→ Collected material
# # #

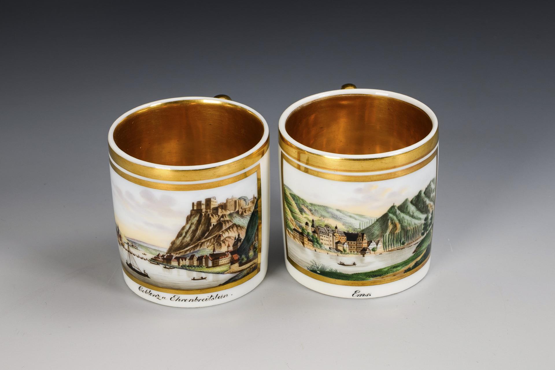 Zylindertassen mit Ohrenhenkel. Schauseitig jeweils eine Rechteckkartusche mit einer bezeichneten Ansicht: "Coblenz u. Ehrenbreitenstein" bzw. "Ems". Innen vergoldet.
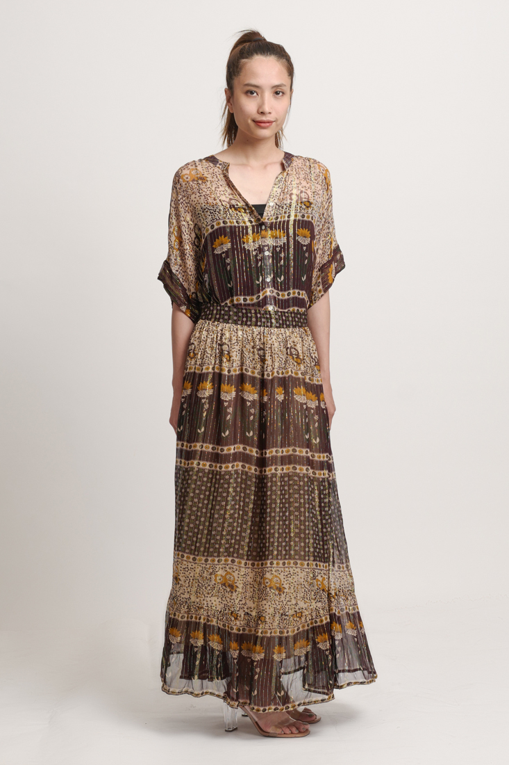 Áo cotton cao cấp, nền vải ánh kim nhẹ, màu ombre độc đáo. Phom suông, có thể mặc thành đầm dấu quần phối với quần short, hoặc mặc với quần jeans, quần legging. Dài 78cm.
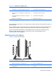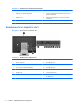Таблица 1-2 Компоненти отстрани (продължение) Компонент Компонент 3 USB порт 3.0, бързо зареждане 8 Бутон за изваждане на поставката на оптичното дисково устройство 4 USB порт 3.0 9 Индикатор за активност на оптичното дисково устройство 5 Микрофон/вход line-in 10 Бутон за захранване Компоненти в задната част Фигура 1-4 Компоненти в задната част Таблица 1-3 Компоненти в задната част 4 Компонент Компонент 1 Панел за достъп 8 (2) USB порта 3.
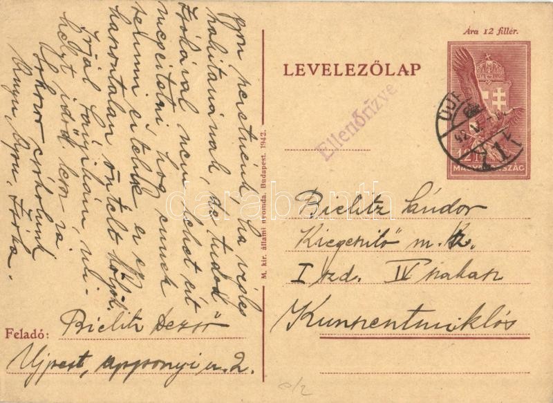 Description: 1942 Bielitz Dezső levele fiának Bielitz Sándor zsidó Kieg. msz. 1. szd. IV. szakasz KMSZ-nek (közérdekű munkaszolgálatos) a kunszentmiklósi munkatáborba / WWII Letter for a Jewish labor serviceman to the labor camp of Kunszentmiklós. Judaica + 12f Ga. (EK)

# # #

→ Work instructions
The answer should consist solely of the lines from the one containing "Áo cotton cao" through the last line of the material, copied exactly, with pictures left out.

→ Exercise answer
 Áo cotton cao cấp, nền vải ánh kim nhẹ, màu ombre độc đáo. Phom suông, có thể mặc thành đầm dấu quần phối với quần short, hoặc mặc với quần jeans, quần legging. Dài 78cm.
Таблица 1-2 Компоненти отстрани (продължение) Компонент Компонент 3 USB порт 3.0, бързо зареждане 8 Бутон за изваждане на поставката на оптичното дисково устройство 4 USB порт 3.0 9 Индикатор за активност на оптичното дисково устройство 5 Микрофон/вход line-in 10 Бутон за захранване Компоненти в задната част Фигура 1-4 Компоненти в задната част Таблица 1-3 Компоненти в задната част 4 Компонент Компонент 1 Панел за достъп 8 (2) USB порта 3.
 Description: 1942 Bielitz Dezső levele fiának Bielitz Sándor zsidó Kieg. msz. 1. szd. IV. szakasz KMSZ-nek (közérdekű munkaszolgálatos) a kunszentmiklósi munkatáborba / WWII Letter for a Jewish labor serviceman to the labor camp of Kunszentmiklós. Judaica + 12f Ga. (EK)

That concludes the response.